I am sure the car will be fine and your weekend trips will not be 
canceled because you must be a really lucky person if you haven't yet had 
electrical problems with this car. In my '84 4kq 80% problems are electrical 
and I am not alone at this. When I bought this car, the auxiliary lights were
absent but the wiring was in. After I got these wires out together with 
remainders of other systems the previous guy installed and then 
vandalized, my life became _much better_. Of course I had an extreme case 
because the guy didn't even bother to  insulate wire ends after he 
took aux. lights out.

Most likely you simply made a mistake when putting the wires in and 
introduced some charge leak to ground. Check for that!

> All I can think is it might be a voltage regulator, but I am not sure. 
> 
Unlikely voltage regulator died exactly the day you added new wires. To
check the regulator you may first charge the battery well from other car
or battery charger. Disconnect the alternator with regulator and have the
car run on the battery. If you battery is not very old or very bad you
must have at least several minutes to see that everything is working fine.
If everything is fine, which I doubt, look for the problem in the 
alternator/ V. regulator, or their connection.

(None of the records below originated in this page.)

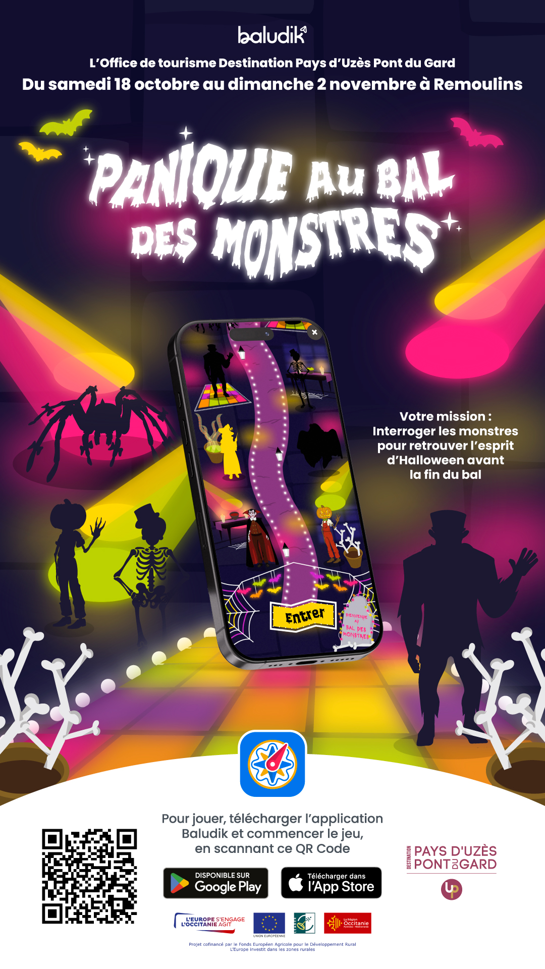 Les monstres se réunissent à Remoulins pour leur traditionnel bal. Mais, l’ambiance n’est pas au rendez-vous. Et pour cause, l’esprit d’Halloween a été dérobé ! Venez en aide aux monstres et interrogez les pour retrouver l’esprit avant la fin du bal…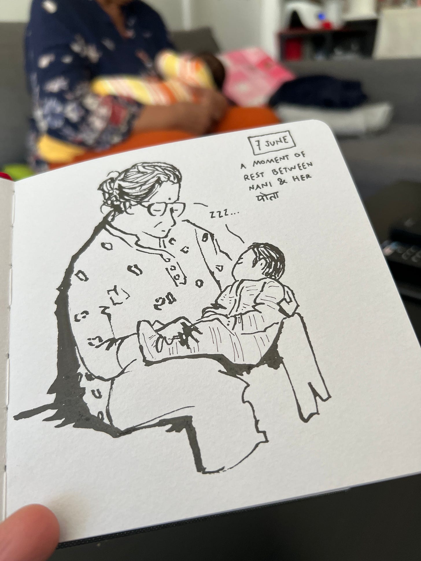 In today’s post, a quiet moment between Rohan and his (maternal) grandma, or नानी (naa-ni).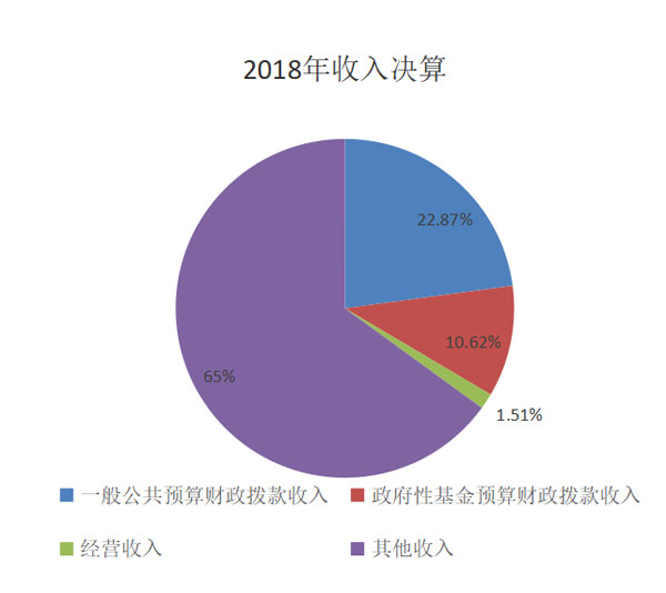 2018年本年收入合计74,868.86万元,其中:一般公共预算财政拨款收入17,118.83万元,占22.87%;政府性基金预算财政拨款收入7,950.06万元,占10.62%;国有资本经营预算财政拨款收入0万元,占0%;事业收入0万元,占0%;经营收入1,133.05万元,占1.51%;附属单位上缴收入0万元,占0%;其他收入48,666.92万元,占65%。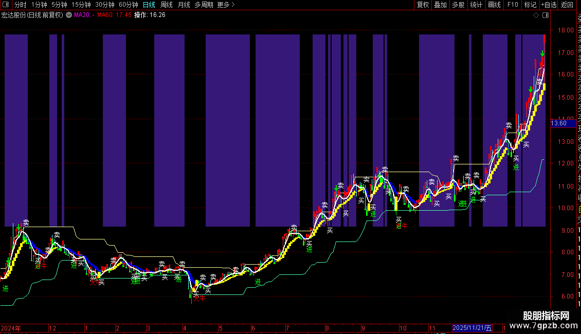买点:当“指导线”上穿“界”,或“买线YGB”上穿“卖线YGB”时,在收盘价位置标记洋红色信号。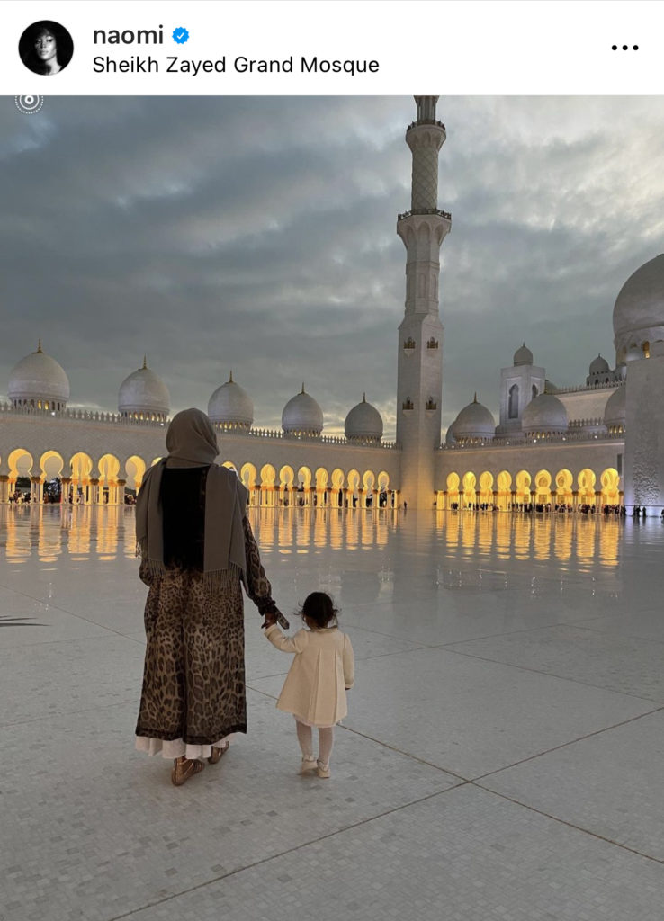На снимке мать и дочь позируют на фоне мечети шейха Зайда в Абу-Даби. Звезда отправилась на отдых в ОАЭ и делиться снимками из отпуска. В кадре супермодель предстала перед фанатами в платке, накидке с леопардовым принтом и сандалиях на плоском ходу. Малышка одета во все белое.

Do not do the opposite (run the car on alternator with disconnected
battery, especially if you suspect V regulator). Voltage spikes that may
otherwise kill other electrical components are dampened by battery.
Example, I noticed the oscillations of lights brightness and of fuel pump
sound level. When looked with the voltmeter, I saw that
voltage on the regulator output oscillated up to 17 Volts. Then I
disconnected the battery I observed spikes up to 60 Volts! I was very
lucky that I didn't kill a fuel pump or anything else. The problem was
indeed in V regulator. 

As for your problem, my advise is to look in the daylight for 
any accidental short-circuits, etc, everywhere you made any interference 
when installing your lights. Best of all try to find it by simply looking.
Sometimes it helps to disconnect cables from the battery and measure the 
resistance from the end of one cable to the end of another. It should be 
large. If it is tens or hundreds of Ohms only, remove one fuse from the 
fuse panel and see whether the resistance goes up. If yes, the leak is in 
the circuit associated with this fuse. If no, put the fuse back and 
continue with the next one. Etc...


These leaks, shortcuts, bad connections have a feature of going away and
coming back until located and fixed. That's why your car might have been
running well for several minutes after a jump-start.